I have existing sliding aluminum-frame windows in my brick house. There's a brick sill, with the bricks oriented slightly downward and perpendicular to the wall. Kind of like this (except with aluminum framed windows):









On the interior the windows are framed with casing like you find around a doorway, so the interior opening is about 3.5-4.5 inches smaller than the brick exterior opening. Looks like this (except aluminum-framed):








I'd like to retain the existing interior sills. What kind of replacement window frames do I get? Do I get block frames such that the interior frame is just smaller than the sill, and fill in the exterior frame with wood? Or do I get Z-bar frames?


----------



## Windows on Wash (Aug 30, 2011)

What is the frame thickness (depth) on the existing aluminum window?

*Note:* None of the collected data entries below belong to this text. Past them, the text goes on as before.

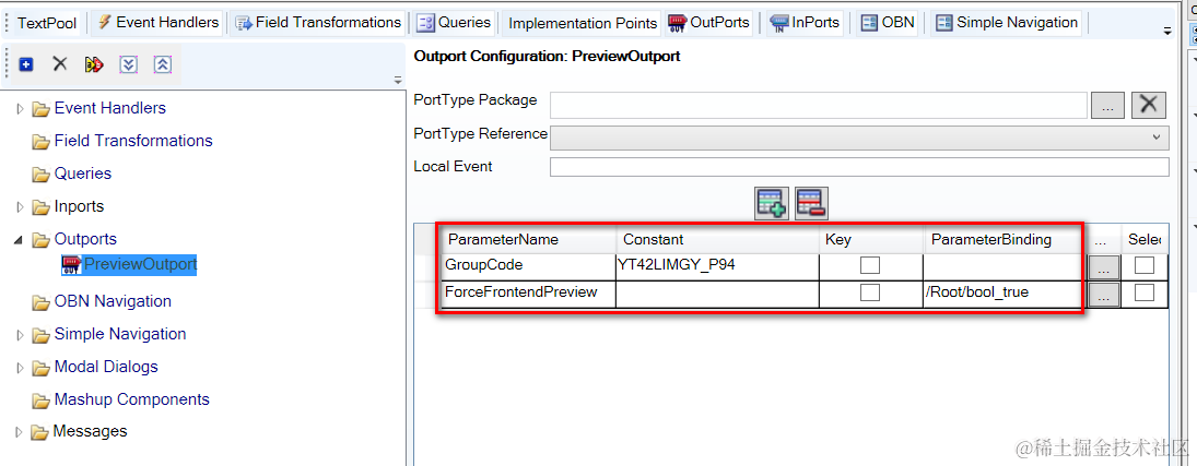 Create a new Output named PreviewOutput, and create two Parameters named “GroupCode” and “ForceFrontendPreview”. The corresponding parameter could be found below.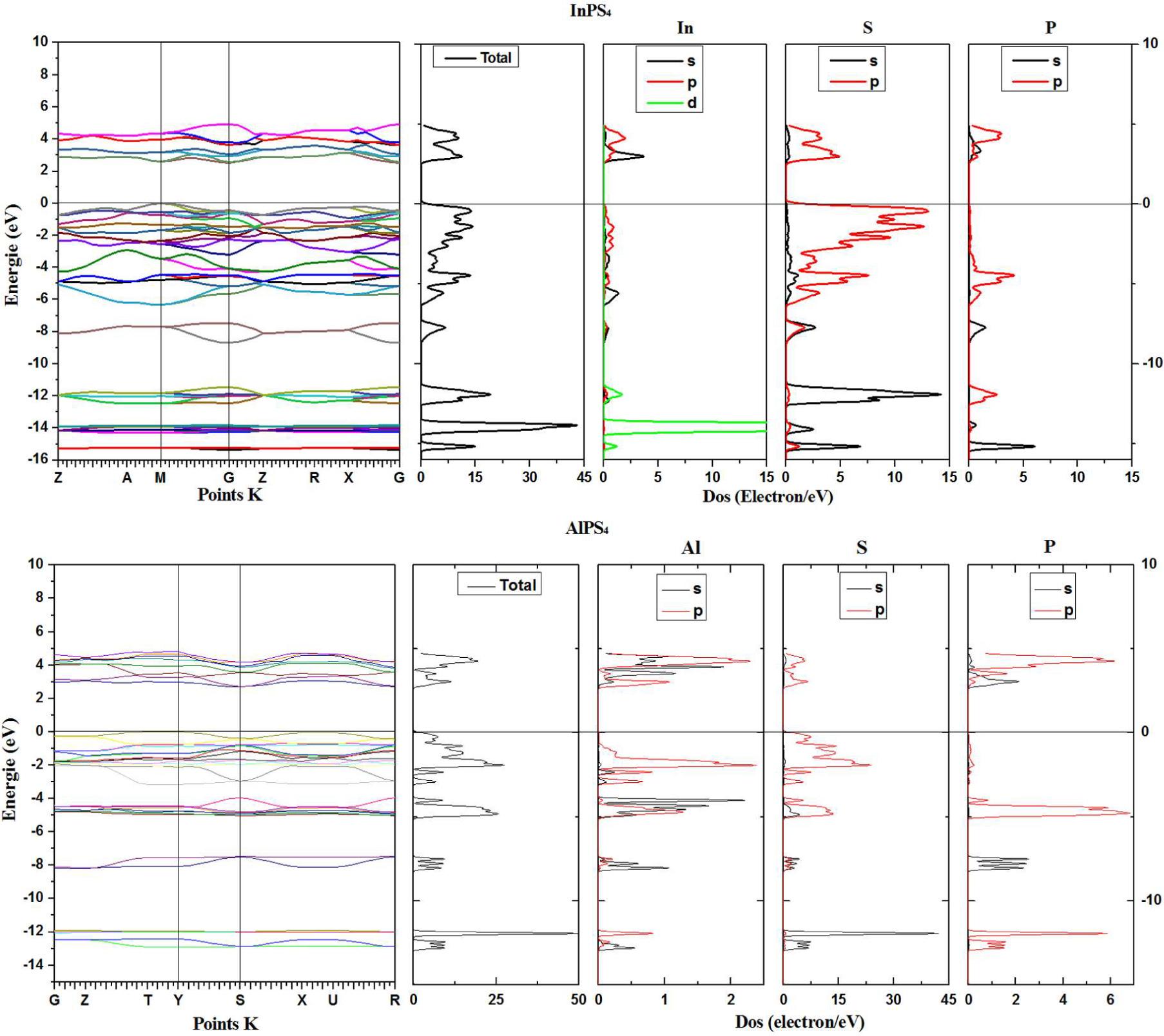 Band structures, total and partial Dos of InPS4 and AlPS4.
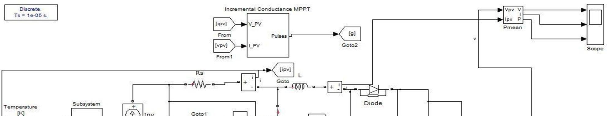 a) Simulation Model of PV system with Incremental Conductance MPPT with BoostConverter technique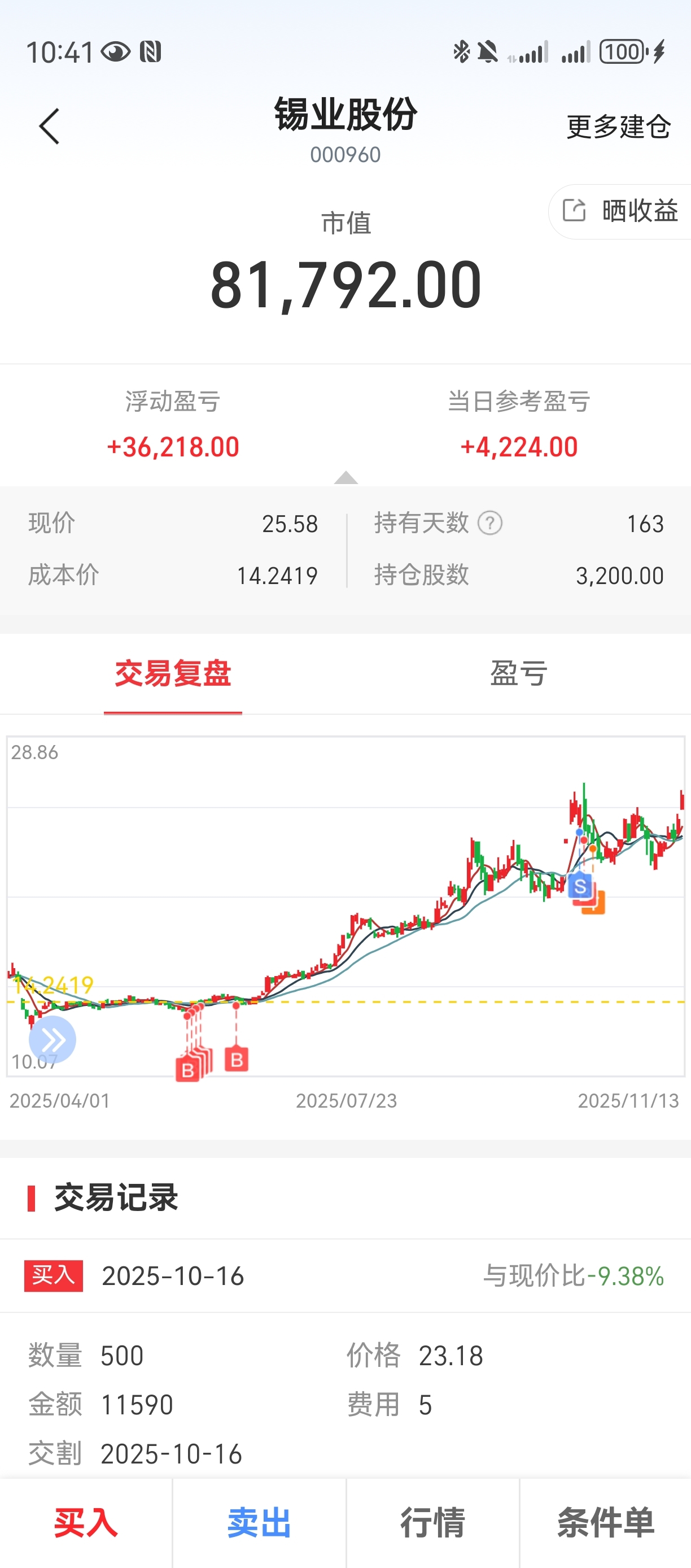 $锡业股份(SZ000960)$ 如果翻倍了我就卖一半让利润奔跑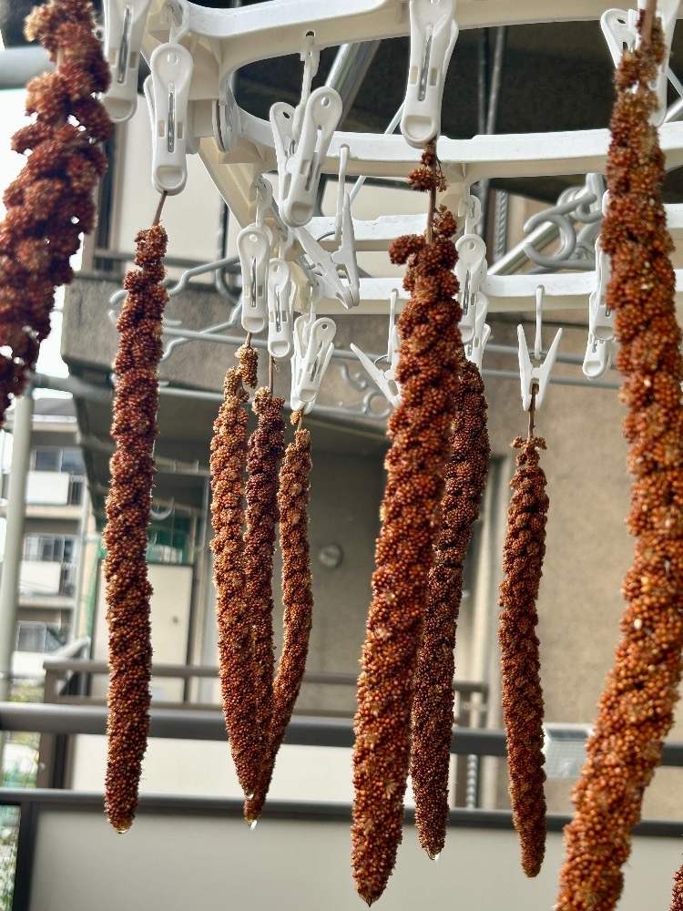 届いた赤粟穂を洗って干したり

Z-Bar frames are typically for stucco and will not work well in your application.


----------



## huesmann (Aug 18, 2011)

Thanks for the response.

There's about 3/4-1" of frame around the window, inside the sill. There's also a storm window on the outside, with a separate frame.

I did have some of the windows replaced a few years ago (couldn't afford to have them all done at the time) and it looks like the installer used block frames. It looks like he covered the gap between the exterior of the block frame and the brick with some plastic/vinyl trim pieces (kind of like in the first picture I linked). Where can one get these trim pieces, and what are they officially called?


----------



## Windows on Wash (Aug 30, 2011)

If they are plastic, they are call frame expanders and you can get them from whomever makes the window.

If it is aluminum, it is part of the capping details.


----------



## Decoramould (Nov 16, 2009)

Depending on how the windows are installed, you might be able to use some composite window trim for that area.

You'll want it to match the rest of the house though, and it looks like you have an aluminum frieze board over the windows in your reflection.


----------



## huesmann (Aug 18, 2011)

The pics linked aren't of my house.


----------